Re: [OT] "Fluent Interface"? Welcome to NeXT
Re: [OT] "Fluent Interface"? Welcome to NeXT
- Subject: Re: [OT] "Fluent Interface"? Welcome to NeXT
- From: Lee Ann Rucker <email@hidden>
- Date: Thu, 2 Aug 2007 20:08:26 -0700
On 2.8.2007, at 20:00, Clark Cox wrote:
This was a very common idiom in earlier Obj-C. Well before "void"
existed, every C function (and therefore Obj-C method) had to return a
value. It was common to return self on success, and nil on failure.
That way, method calls could be chained as above.
And Smalltalk, though in this case it would be cleaner to use
semicolons to cascade, rather than use the automatic ^self feature.
customer newOrder
addLine: (Line newLine:6 product: "TAL");
addLine: ((Line newLine: 5 product: "HPK") skippable);
addLine: (Line newLine:3 product: "LGV").

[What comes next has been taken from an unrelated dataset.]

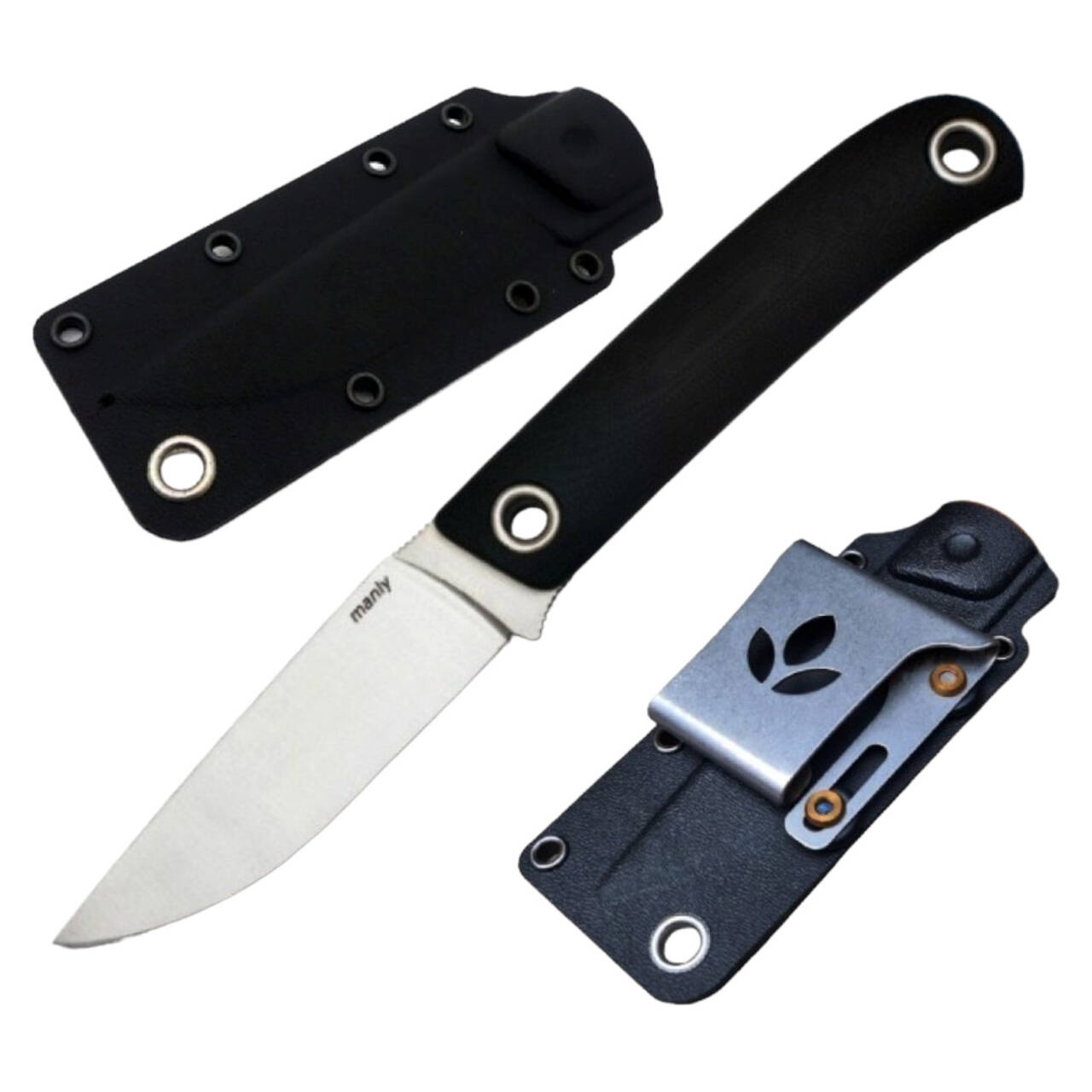 With the Patriot, Manly presents the fixed-blade version of the popular Comrade folder. Almost identical in size, the Patriot is the perfect choice as a compact, well-balanced companion for everyday use or as an easy-to-handle hunting and outdoor knife. With a satin blade. With a black G-10 handle and D2 steel blade. Comes with a Kydex sheath and belt adapter.

Though I suppose it could be done with lots of parens:
((customer newOrder
addLine: (Line newLine:6 product: "TAL"))
addLine: ((Line newLine: 5 product: "HPK") skippable))
addLine: (Line newLine:3 product: "LGV").
Since sending a message (that returns an object) to nil is essentially
a no-op, the first method to return nil (indicating failure) will
break the chain.
On the other hand, perhaps skippable() is a method of the order that
modifies the last item in the order and returns the order. Or its
a method
of the customer that modifies the last item in the current order.
Thats
about as counter-intuitive as I can imagine, unless you commit to
doing your
coding in this cascaded style.
Going back to the original, what happens if *any* of those
Product.find()
calls fails? The order goes ahead anyway. In fact, this order
got added to
the customer regardless of whether it managed to get formed at all.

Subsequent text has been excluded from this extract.